14 Jun 2023, 13:06
Jessica Bateman

Germany gears up for rising temperatures with federal heatwave plan


Germany is drafting its first-ever nationwide plan to prevent heat-related deaths as heatwaves have become more severe as a result of climate change, health minister Karl Lauterbach said. "We must realise that we are not well positioned to combat heat death in Germany," the SPD politician said as he unveiled the plans in Berlin on Tuesday (13 June), newspaper Tagesspiegel reports. He stressed that Germany will be ever-more affected by climate change-related heatwaves in the future, adding that “if we do nothing, we will lose several thousand lives every year, unnecessarily.” Up until last year, the federal government had not considered a national heat action plan necessary and left it up to the municipalities to develop their own strategies. The new plan will be modelled on that of France, which consists of four different heat-level alerts that activate specific measures.

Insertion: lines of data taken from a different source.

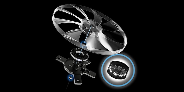Axial-tech-fläktkonstruktionen har ett mindre fläktnav som ger plats för längre blad och en barriärring som ökar lufttrycket nedåt. Till PSU:erna i ROG Loki har vi skalat konstruktionen till 120 mm så att allting hålls svalt vid låga varvtal samtidigt som det orsakar mindre oväsen.
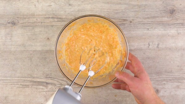 - Preheat the oven to 350°F. Peel and grate one carrot. Cut a peeled banana into small pieces and add it to the carrots. Separate two eggs and add the egg yolks to the bowl. Finally, mix everything together.
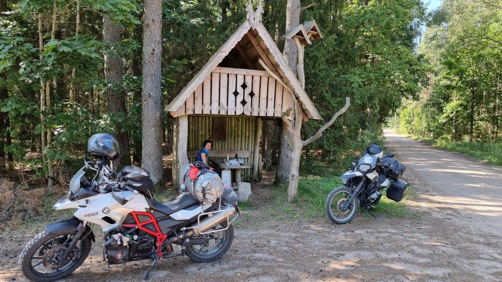 Unauffällige Landschaften, ein paar Erhebungen, viele kilometerlange Geraden, aber auch mal ein schönes Stück durch den Wald, das wir sofort für ein Picknick nutzten.
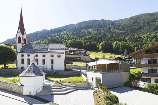 Mit dem Neubau eines Musikpavillons samt zum Teil unterirdischem Probelokal erhielt Finkenberg einen neuen dörflichen Mittelpunkt. Ein steinerner Sockel und ein hölzerner Aufbau mit gefalteten Dächern greifen regionale Bautraditionen auf und führen sie in zeitgemäßer Formensprache weiter. Wesentlicher Bestandteil ist eine neue Wegführung mit offener Treppenanlage, die das Dorf mit der Pfarrkirche verbindet.
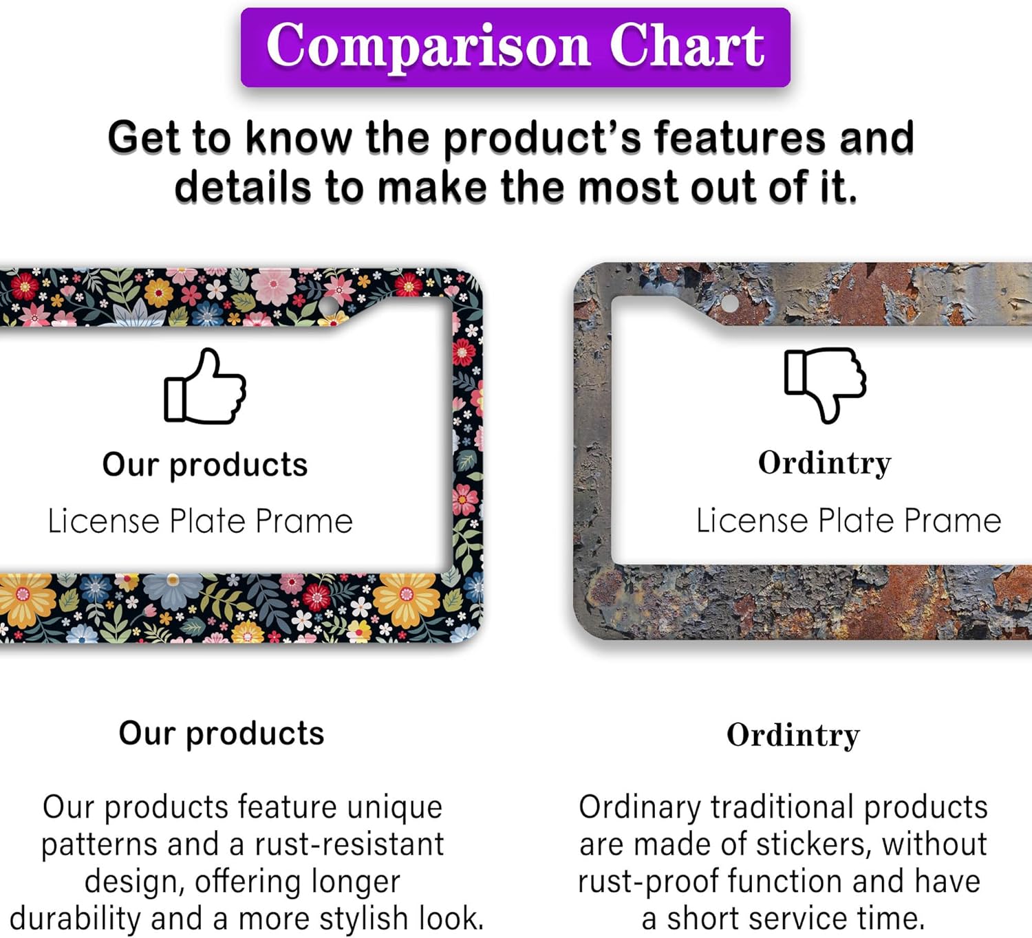 - ALUMINUM FRAME: This License Plate Frame is crafted from high-quality aluminum that is resistant to corrosion, rust, and harsh weather conditions. Its rugged reliability design ensures a long lifespan, making it capable of withstanding car washes and extreme weather, providing you with a reliable and stylish solution for your vehicle.
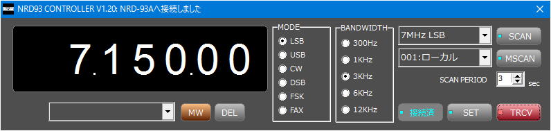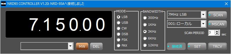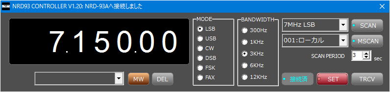 "SET"ボタンを押すといわゆる"設定"モードになり、PCからNRD-93をコントロールすることが出来ます。
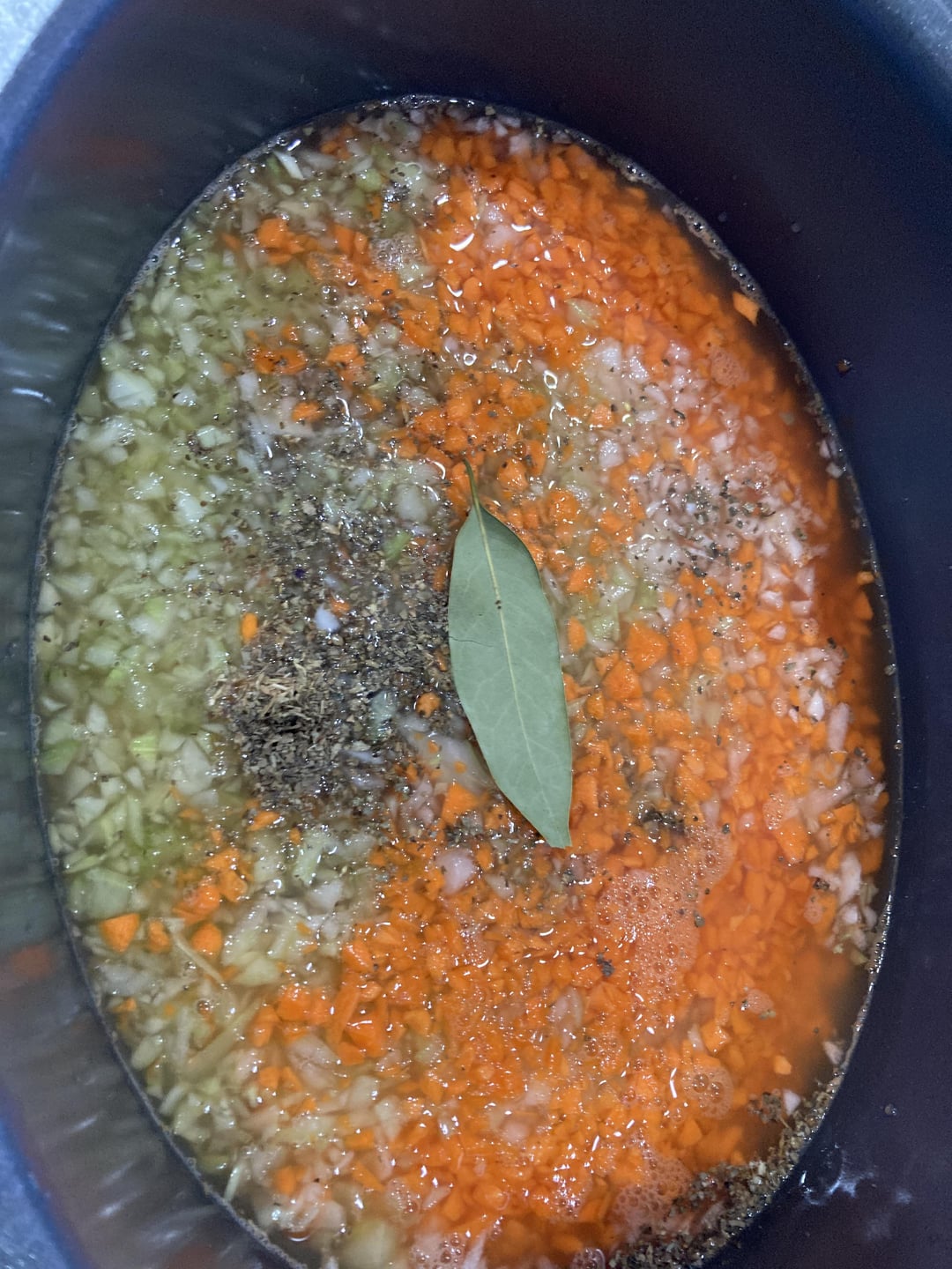1. Add tomatoes, celery, carrots, onions, oregano, basil, chicken broth, and the bay leaf to slow cooker. Stir and cook low 7 hours.
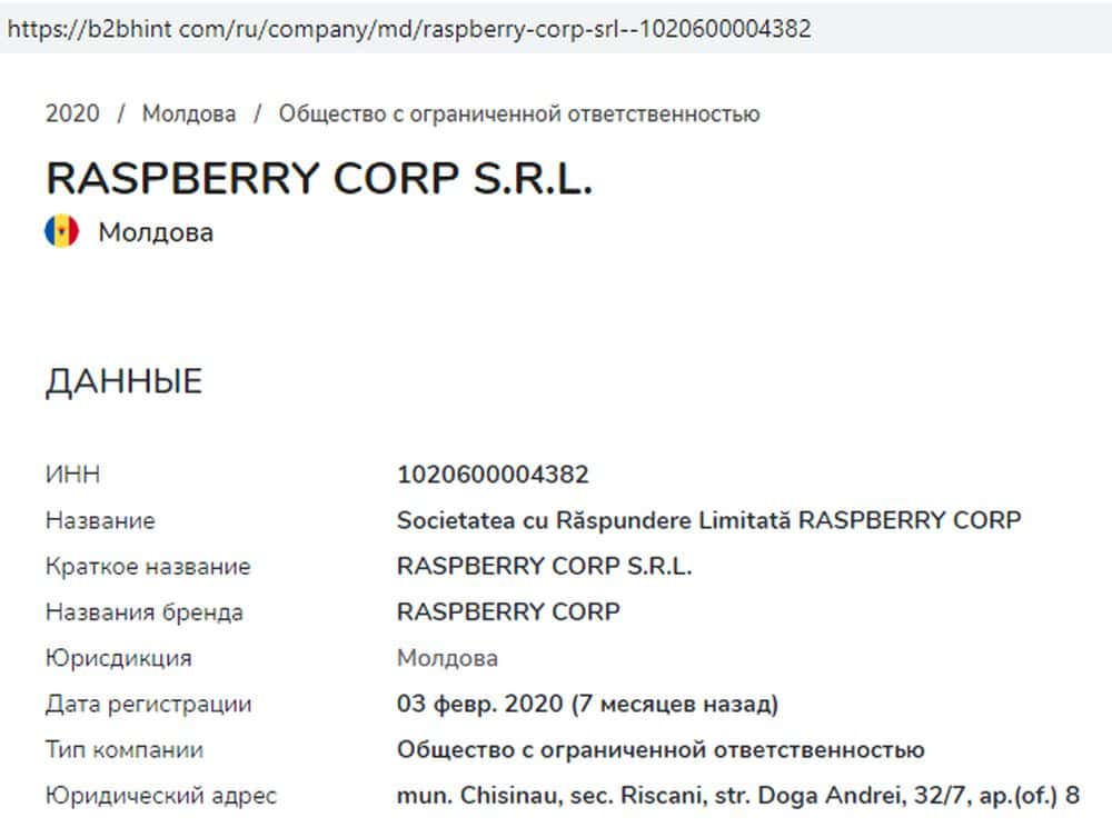 Обработкой транзакций занимается компания Raspberry Corp, которая тоже появилась в 2020 году и зарегистрирована в Молдове - сомнительная связь для якобы английской конторы.
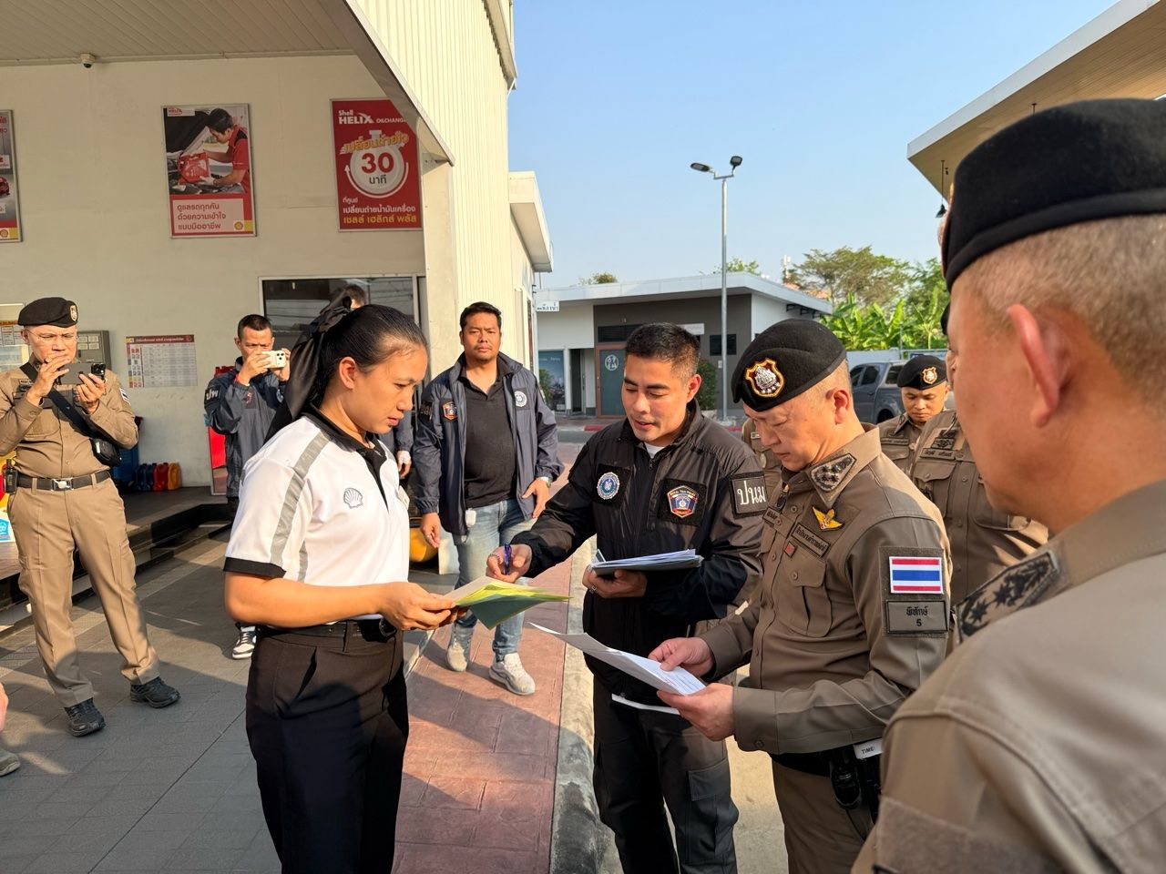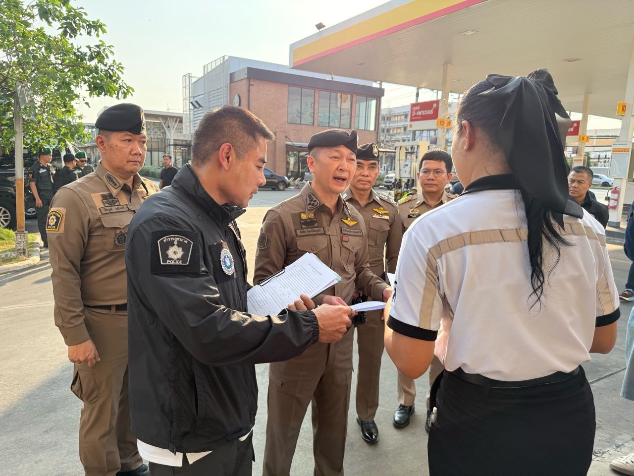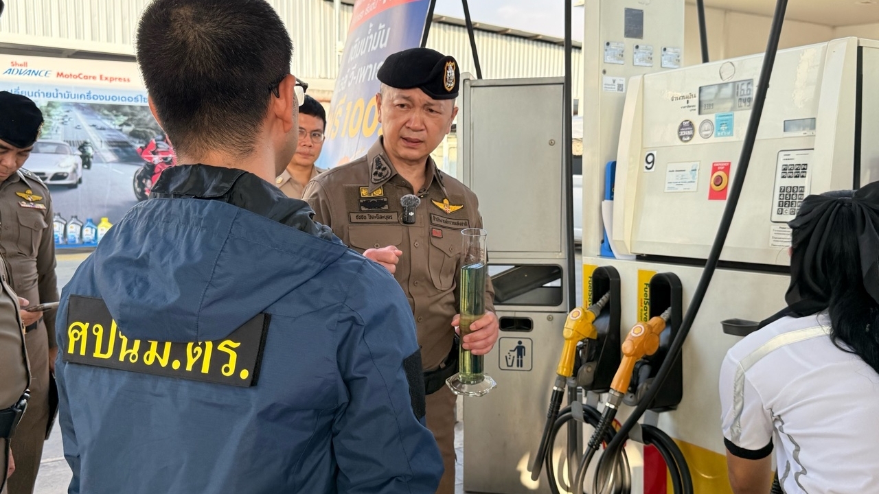 พล.ต.อ.ธัชชัย ปิตะนีละบุตร รอง ผบ.ตร. ในฐานะ ผอ.ศปนม.ตร. สุ่มตรวจปั๊มน้ำมันใน จ.นนทบุรี ป้องกันการกักตุนและโก่งราคา สั่งทั่วประเทศตรวจเข้มทุกวัน
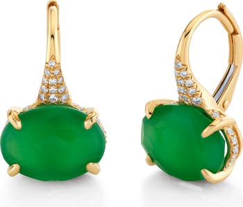 Round-cut diamonds enhance the luminosity of oval-cut green agate on these 18-karat-gold drop earrings.
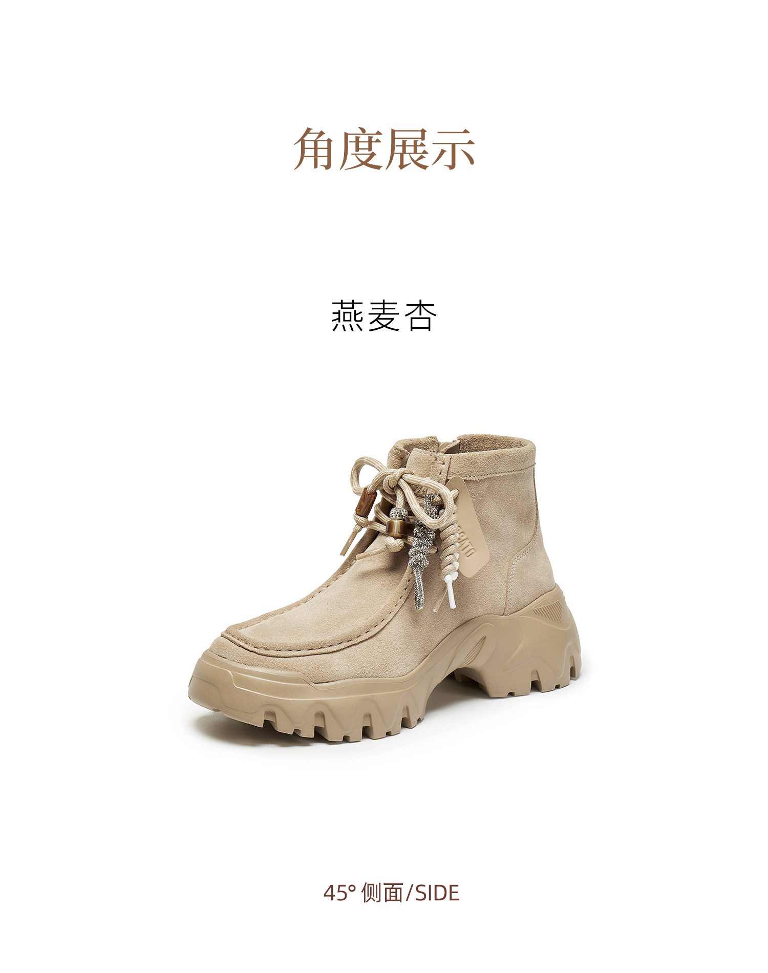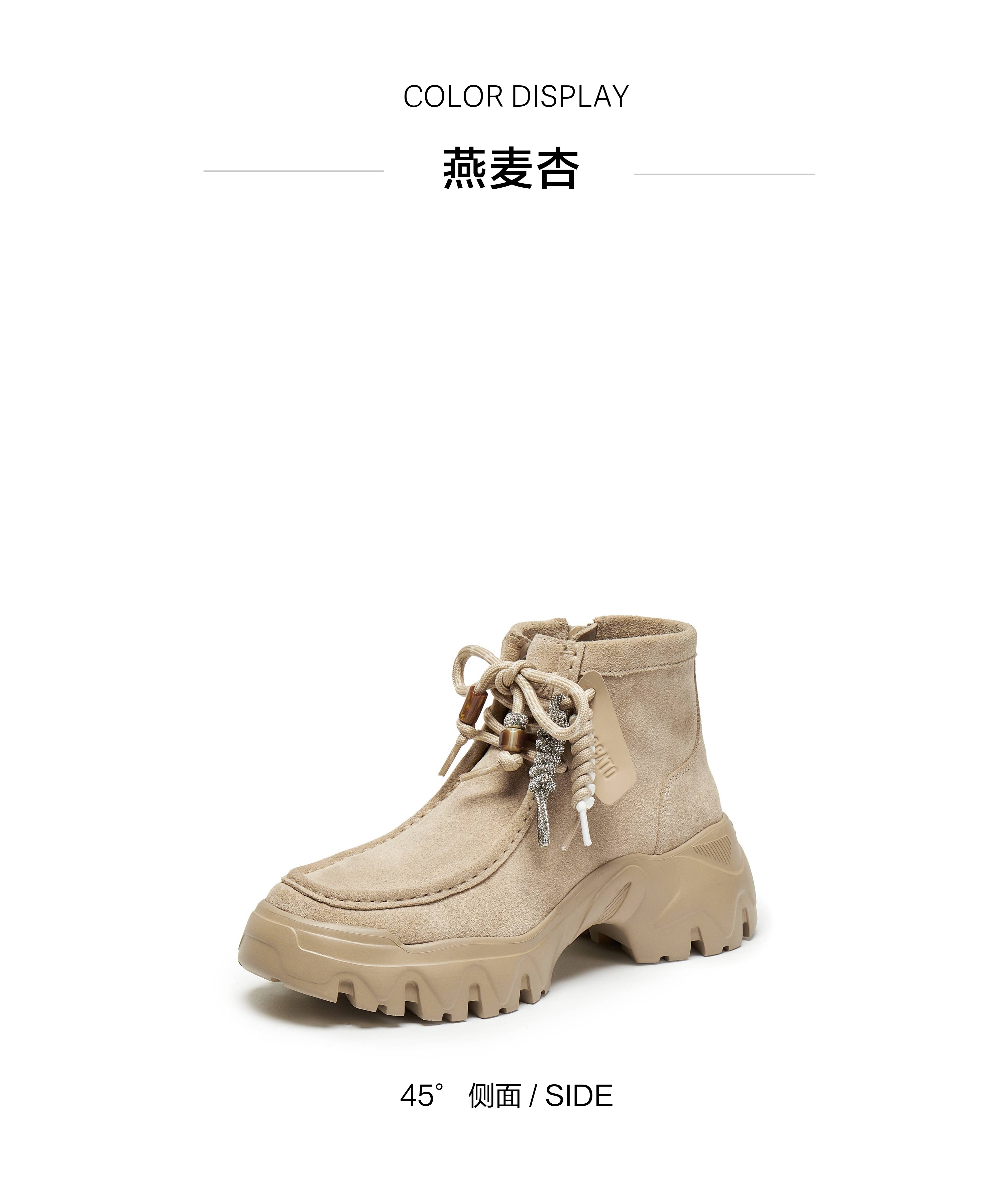 | 鞋底材质:IP射出底 | 靴筒内里材质:织物猪皮革 | 内增高:无 | 鞋面材质:牛剖层革 | 闭合方式:侧拉链系带 |

The federal German Hospital Federation, the Nursing Council (Deutschen Pflegerat) and environmental NGO Klug have all previously lobbied for a national action plan to prevent heat-related deaths, describing these as the greatest climate change-related threat to human health. In 2022 alone, the country registered 4,500 heat-related deaths. During the particularly hot summer of 2018, there were 8,700 heat-related deaths. As a result of climate change, the number of hot days exceeding 30 degrees is increasing in Germany, and there are longer periods of heat.